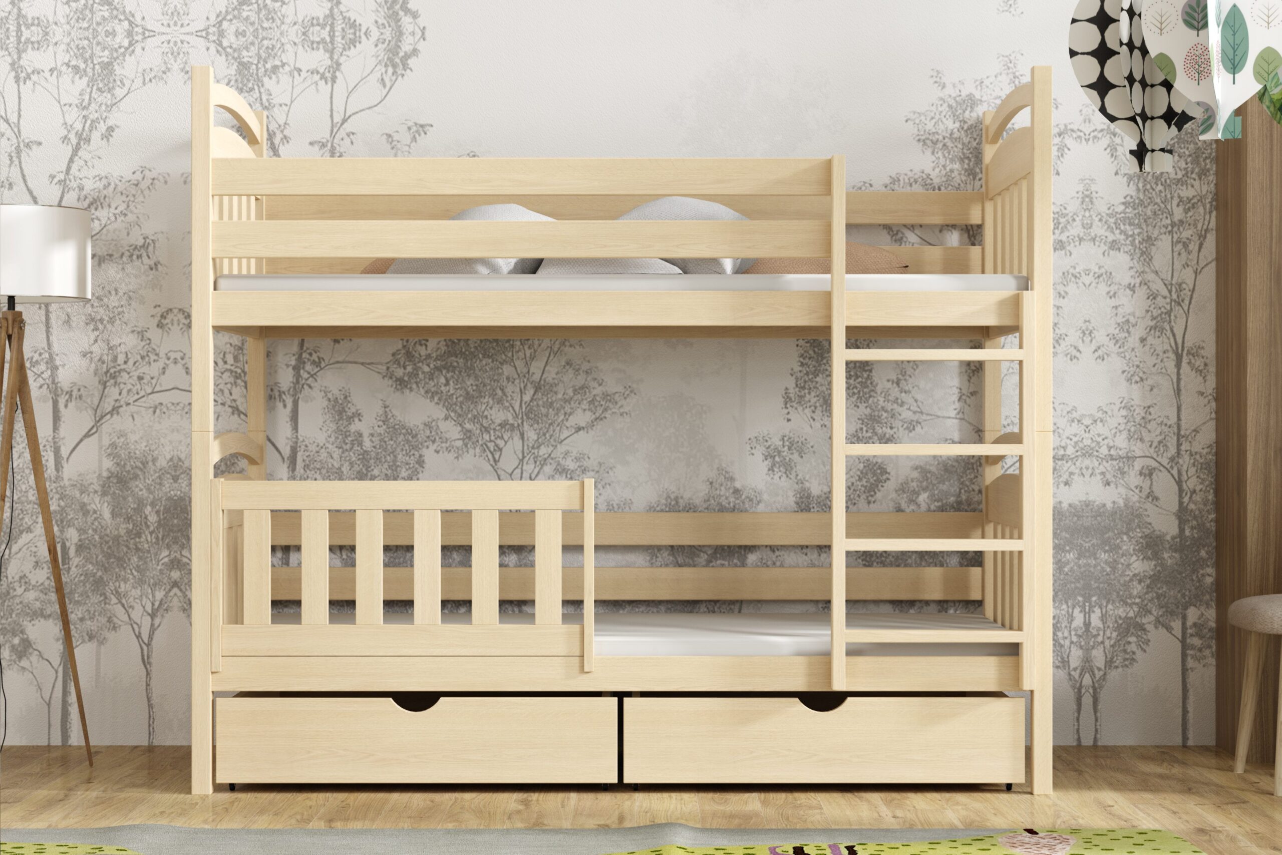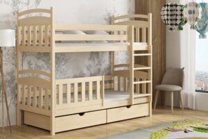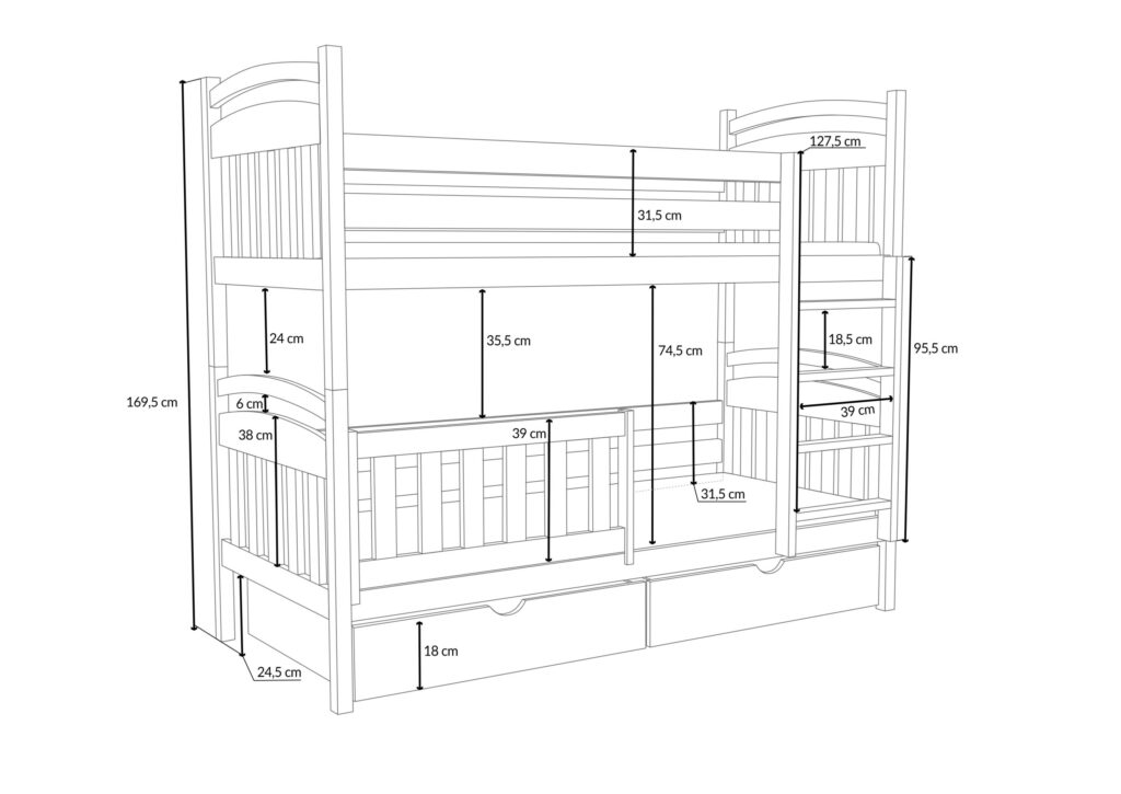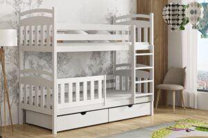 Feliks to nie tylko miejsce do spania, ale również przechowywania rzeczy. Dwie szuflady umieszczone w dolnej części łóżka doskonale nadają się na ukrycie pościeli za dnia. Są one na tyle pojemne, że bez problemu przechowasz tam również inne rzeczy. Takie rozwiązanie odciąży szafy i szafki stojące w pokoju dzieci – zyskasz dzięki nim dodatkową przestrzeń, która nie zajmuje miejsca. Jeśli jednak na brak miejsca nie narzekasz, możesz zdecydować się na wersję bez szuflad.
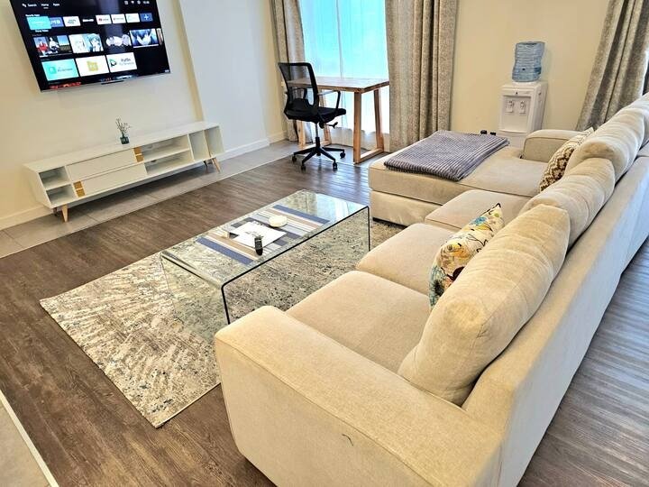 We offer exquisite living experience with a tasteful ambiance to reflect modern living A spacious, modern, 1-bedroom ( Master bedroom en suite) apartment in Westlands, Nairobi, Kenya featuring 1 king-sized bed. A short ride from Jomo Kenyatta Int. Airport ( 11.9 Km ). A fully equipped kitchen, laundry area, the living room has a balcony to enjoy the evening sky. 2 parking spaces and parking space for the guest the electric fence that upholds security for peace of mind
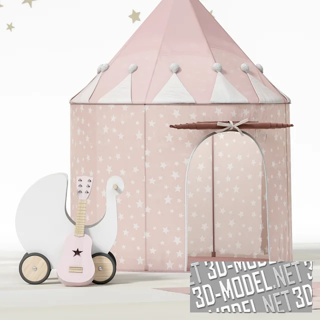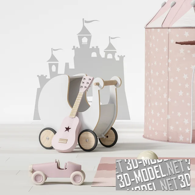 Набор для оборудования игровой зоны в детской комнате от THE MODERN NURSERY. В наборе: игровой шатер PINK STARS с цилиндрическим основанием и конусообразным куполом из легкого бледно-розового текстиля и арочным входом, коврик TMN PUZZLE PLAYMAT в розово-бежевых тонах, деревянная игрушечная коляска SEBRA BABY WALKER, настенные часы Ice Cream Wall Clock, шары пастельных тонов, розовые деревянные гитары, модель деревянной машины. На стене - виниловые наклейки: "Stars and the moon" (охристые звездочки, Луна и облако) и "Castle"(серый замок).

+ + + + + + +

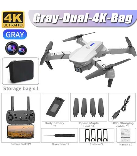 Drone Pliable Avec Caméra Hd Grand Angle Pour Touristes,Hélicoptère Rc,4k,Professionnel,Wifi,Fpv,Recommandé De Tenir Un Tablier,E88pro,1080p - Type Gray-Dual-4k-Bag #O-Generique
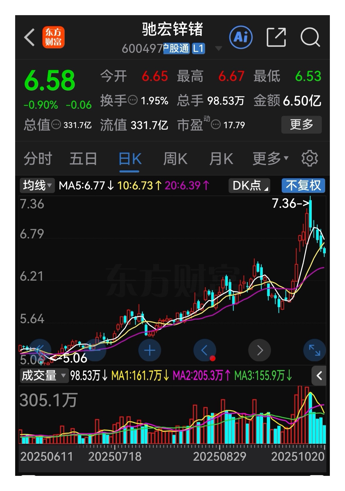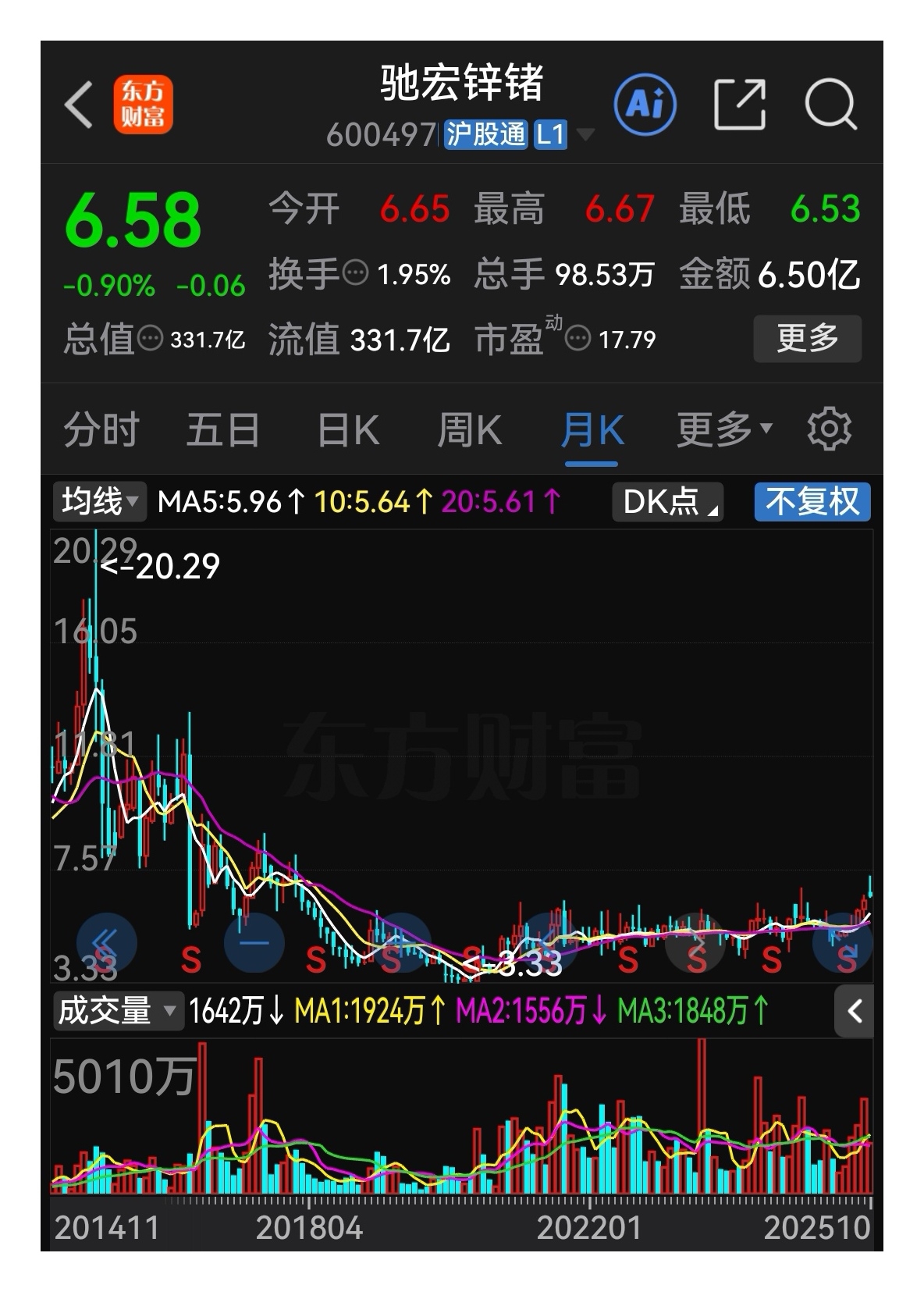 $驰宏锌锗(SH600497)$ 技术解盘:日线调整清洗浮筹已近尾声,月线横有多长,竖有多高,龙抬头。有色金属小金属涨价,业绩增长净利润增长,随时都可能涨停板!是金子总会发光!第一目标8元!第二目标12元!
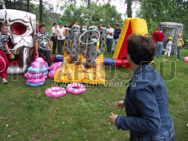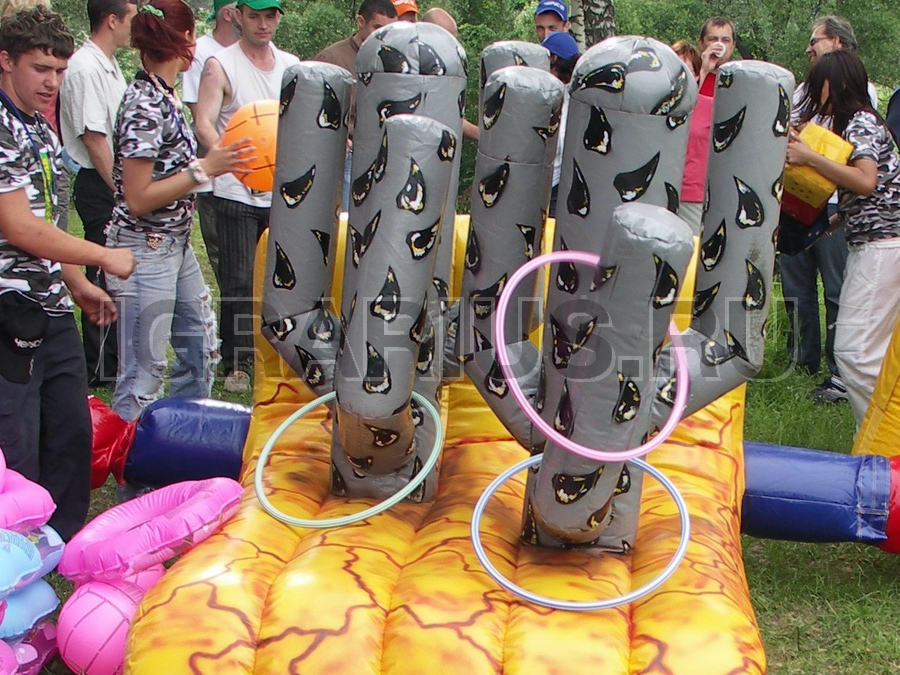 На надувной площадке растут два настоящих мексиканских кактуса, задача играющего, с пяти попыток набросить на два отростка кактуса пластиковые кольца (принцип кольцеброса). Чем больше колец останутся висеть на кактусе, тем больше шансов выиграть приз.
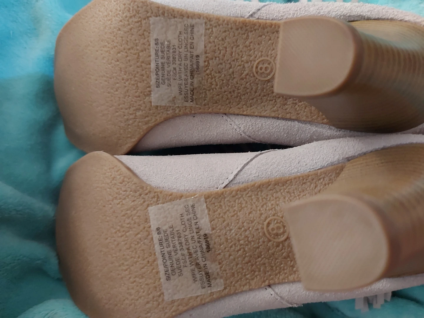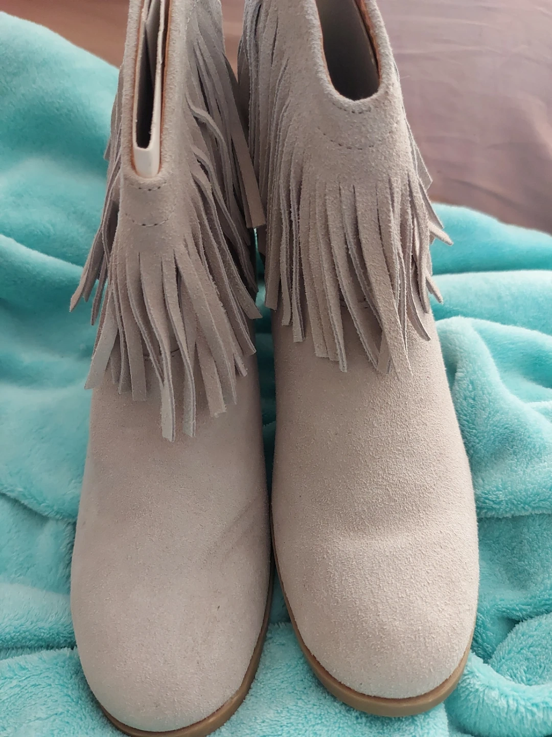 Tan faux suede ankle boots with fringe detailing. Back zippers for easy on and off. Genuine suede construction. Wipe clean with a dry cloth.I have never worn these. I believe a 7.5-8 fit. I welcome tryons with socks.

+ + + + + + +

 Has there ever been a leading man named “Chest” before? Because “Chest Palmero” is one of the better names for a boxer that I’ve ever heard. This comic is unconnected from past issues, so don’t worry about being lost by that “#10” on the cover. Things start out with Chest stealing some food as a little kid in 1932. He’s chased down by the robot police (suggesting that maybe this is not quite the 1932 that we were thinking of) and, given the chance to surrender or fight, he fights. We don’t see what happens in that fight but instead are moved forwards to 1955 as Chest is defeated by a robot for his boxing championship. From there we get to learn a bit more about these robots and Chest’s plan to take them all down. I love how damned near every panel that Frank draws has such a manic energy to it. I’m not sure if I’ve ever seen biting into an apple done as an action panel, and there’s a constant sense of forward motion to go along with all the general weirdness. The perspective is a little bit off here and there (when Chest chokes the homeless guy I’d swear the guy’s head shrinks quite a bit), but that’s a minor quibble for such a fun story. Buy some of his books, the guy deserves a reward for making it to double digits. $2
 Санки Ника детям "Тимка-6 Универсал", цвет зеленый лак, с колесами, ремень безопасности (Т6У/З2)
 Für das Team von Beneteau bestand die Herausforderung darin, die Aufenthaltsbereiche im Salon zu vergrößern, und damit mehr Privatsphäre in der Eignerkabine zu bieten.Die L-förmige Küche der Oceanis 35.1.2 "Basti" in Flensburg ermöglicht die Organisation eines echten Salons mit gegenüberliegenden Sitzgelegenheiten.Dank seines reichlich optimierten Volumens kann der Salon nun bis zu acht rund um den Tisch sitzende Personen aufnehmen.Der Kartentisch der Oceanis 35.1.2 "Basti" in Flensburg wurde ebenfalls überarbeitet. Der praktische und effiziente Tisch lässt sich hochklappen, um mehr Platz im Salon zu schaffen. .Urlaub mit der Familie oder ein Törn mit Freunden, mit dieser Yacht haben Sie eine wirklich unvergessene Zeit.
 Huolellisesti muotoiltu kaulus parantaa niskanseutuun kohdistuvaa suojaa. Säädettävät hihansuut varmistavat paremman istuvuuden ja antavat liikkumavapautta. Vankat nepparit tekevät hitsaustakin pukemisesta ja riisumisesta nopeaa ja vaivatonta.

+ + + + + + +

**Instructions for the task:** In the entries above, find the line with "Санки Ника детям" and the line with "Für das Team", then restate word for word both of them and every line between, with nothing more.

**Exercise output:**
 Санки Ника детям "Тимка-6 Универсал", цвет зеленый лак, с колесами, ремень безопасности (Т6У/З2)
 Für das Team von Beneteau bestand die Herausforderung darin, die Aufenthaltsbereiche im Salon zu vergrößern, und damit mehr Privatsphäre in der Eignerkabine zu bieten.Die L-förmige Küche der Oceanis 35.1.2 "Basti" in Flensburg ermöglicht die Organisation eines echten Salons mit gegenüberliegenden Sitzgelegenheiten.Dank seines reichlich optimierten Volumens kann der Salon nun bis zu acht rund um den Tisch sitzende Personen aufnehmen.Der Kartentisch der Oceanis 35.1.2 "Basti" in Flensburg wurde ebenfalls überarbeitet. Der praktische und effiziente Tisch lässt sich hochklappen, um mehr Platz im Salon zu schaffen. .Urlaub mit der Familie oder ein Törn mit Freunden, mit dieser Yacht haben Sie eine wirklich unvergessene Zeit.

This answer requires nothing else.